Mientras escuchaba la voz de una de mis sabias hablar sobre comunicación pensé que
las palabras viajan rápido, pero que las escuchas son cada vez más lentas.
La urgencia de tener que decir algo arrasa con la clave esencial de la comunicación humana, que es mucho más que hablar. Hemos olvidado la virtud del silencio, ese espacio breve y fértil donde la voz del otro puede desplegarse sin miedo; pero nos hemos olvidado, sobre todo, de la importancia de callar y escuchar.
Esta época de mensajes instantáneos y simultáneos, de dejar en visto, de declinar llamadas, en la que la necesidad de ahorrar tiempo nos lleva irremediablemente a perderlo, nos convierte cada día en seres más solitarios encerrados en sí mismos.
Somos una galaxia de pequeños mundos que ha perdido el cordón umbilical que los unía.
Las conversaciones se convierten en un intercambio de frases inconclusas en las que una idea se sobrepone a otra, casi como una carrera de fondo, para acabar llegando a ningún sitio.
Hay un instante frágil, casi imperceptible, en el que el alma del que habla se asoma buscando cobijo, y basta una mirada atenta o un silencio ofrecido para que encuentre un lugar donde descansar, sin juicios, un respiro que le permita seguir revelándose.
Existe una tristeza callada que habita en todas aquellas palabras que no decimos, una pena escondida en las pausas, en el leve temblor de quien habla sabiendo que no será escuchado. Es inútil hablar con alguien que ya está preparando su respuesta, que no te oye, sino que te mide; que no te recibe, sino que te analiza.
Las palabras caen, pero no germinan.
Escuchar para responder es como mirar al mar y ver solo el reflejo propio. Se oye al otro para encontrar en él la confirmación o la contradicción de lo que uno ya piensa.

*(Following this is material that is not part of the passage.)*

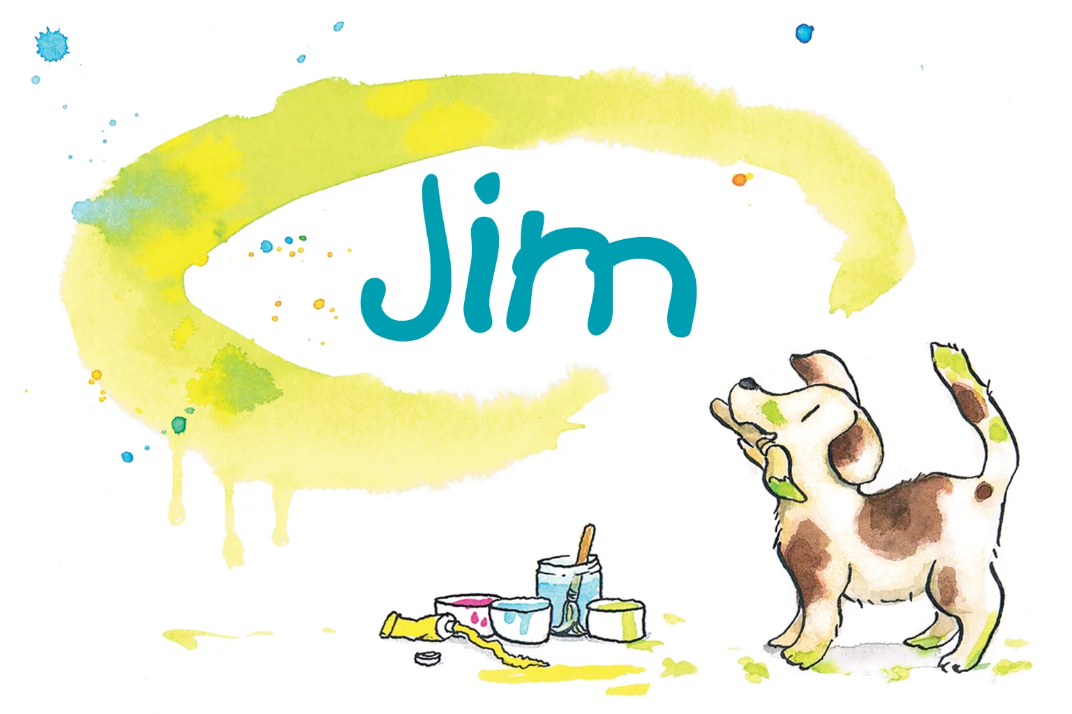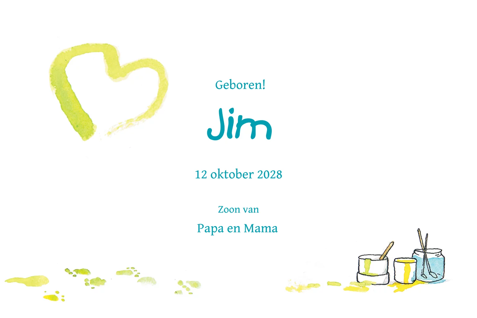Getekend geboortekaartje voor jongen. Lief puppy hondje met verf, creatief schilderen. (21316)

Es una forma de soledad disfrazada de diálogo.
El interlocutor se vuelve espejo, y el yo se multiplica, pero nunca se encuentra con nada fuera de sí, como si en los confines de la existencia no existiera nada más allá del propio yo.
No hay puente, no hay travesía: solo existe el eco insistente del propio pensamiento.
Escuchar para responder es como defender una muralla sin saber siquiera si hay algo dentro. Las conversaciones se llenan de interrupciones, de réplicas apresuradas, de argumentos que se chocan como olas sin llegar nunca a mezclarse.
Hablamos mucho, pero nos comprendemos poco.
Cruzamos palabras, pero nuestros corazones permanecen callados, distantes, sin que nadie se detenga a escuchar su ritmo.
Estamos heridos por la impaciencia del discurso.
Tal vez algún día recordemos que escuchar es un arte antiguo, un gesto sagrado, una forma de entrega y de decir: «Estoy aquí para ti». Que se trata más de acompañar que de entender; que no hay que preparar respuesta. sino ofrecer silencio. Y que, a veces, lo único que un ser humano necesita es que alguien lo escuche.
Quizá, cuando volvamos a escuchar con el alma, las palabras recuperen su fuerza y el mundo, la ternura perdida.